Ancuța Bobocel (born 3 October 1987, in Drobeta-Turnu Severin) is a Romanian middle-distance runner who specializes in the 3000 metres steeplechase. She represented Romania at the 2008, 2012 and 2016 Summer Olympics and is a three-time participant at the World Championships in Athletics (2007, 2009 and 2013). In 2009, she won the European U23 and Jeux de la Francophonie steeplechase titles, as well as a silver at the Summer Universiade.

Career
Bobocel rose to prominence as a junior athlete competing in the steeplechase and in cross country running. She was the silver medallist in the steeplechase at the 2003 European Athletics Junior Championships, then repeated that finish at the 2004 World Junior Championships in Athletics. She was also the junior runner-up at the 2004 European Cross Country Championships that year. In 2005, she was twentieth in the junior race at the World Cross Country Championships and won the junior title at the 2005 European Cross Country Championships. She also retained her silver medal in the steeplechase at the 2005 European Athletics Junior Championships. She set a European junior record of 9:37.45 to take another steeplechase silver at the 2006 World Junior Championships in Athletics, but managed only third in the junior race at the 2006 European Cross Country Championships.
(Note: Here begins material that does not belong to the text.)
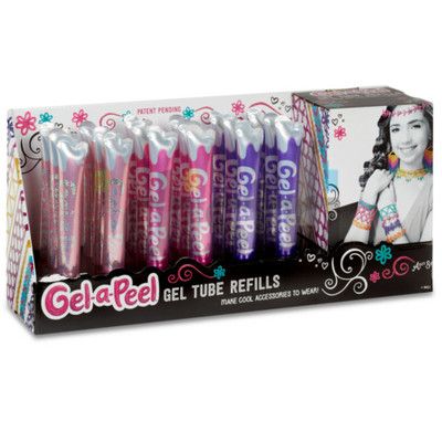 -Gel-a-Peel to kreatywne zestawy, dzięki którym dziewczynki wyczarują fantastyczne ozdoby, biżuterię czy gadżety w wymiarze 3D. Z żelowej masy o najróżniejszych kolorach - od delikatnych pasteli, poprzez jaskrawe barwy, do brokatowych odcieni w stylu glamour - stworzyć można, co tylko podpowie fantazja. Tubki z masą żelową skonstruowano tak, by jednocześnie stanowiły narzędzie do wyciskania. Końcówki tubek są wymienne, dzięki czemu wyciśnięty żel tworzy różne wzorki i motywy. Gel-a-Peel to innowacyjny pomysł na kreatywną zabawę. Wystarczy wycisnąć masę według wzoru albo własnego pomysłu, poczekać aż żel wyschnie, następnie odkleić go od podkładki i gotowe! Możemy cieszyć się nową, odjazdową bransoletką, kolczykami, charmsami, nakładką na ołówek, a nawet etui na telefon!

Her senior debut came over 3000 metres at the 2007 European Athletics Indoor Championships, where she was eleventh in the final. At the 2007 European Athletics U23 Championships she was runner-up to Katarzyna Kowalska, then represented Romania in the discipline at the 2007 World Championships in Athletics, being eliminated in the heats stage. The same fate beset her on her Olympic debut at the 2008 Beijing Olympics. She set a 3000 m best to finish eighth at the 2009 European Athletics Indoor Championships and reached the top of the podium in the steeplechase at the 2009 European Athletics U23 Championships. She was again eliminated in the heats of the 2009 World Championships in Athletics, but won medals at smaller competitions: she was the silver medallist behind Sara Moreira at the 2009 Summer Universiade and the gold medallist at the 2009 Jeux de la Francophonie.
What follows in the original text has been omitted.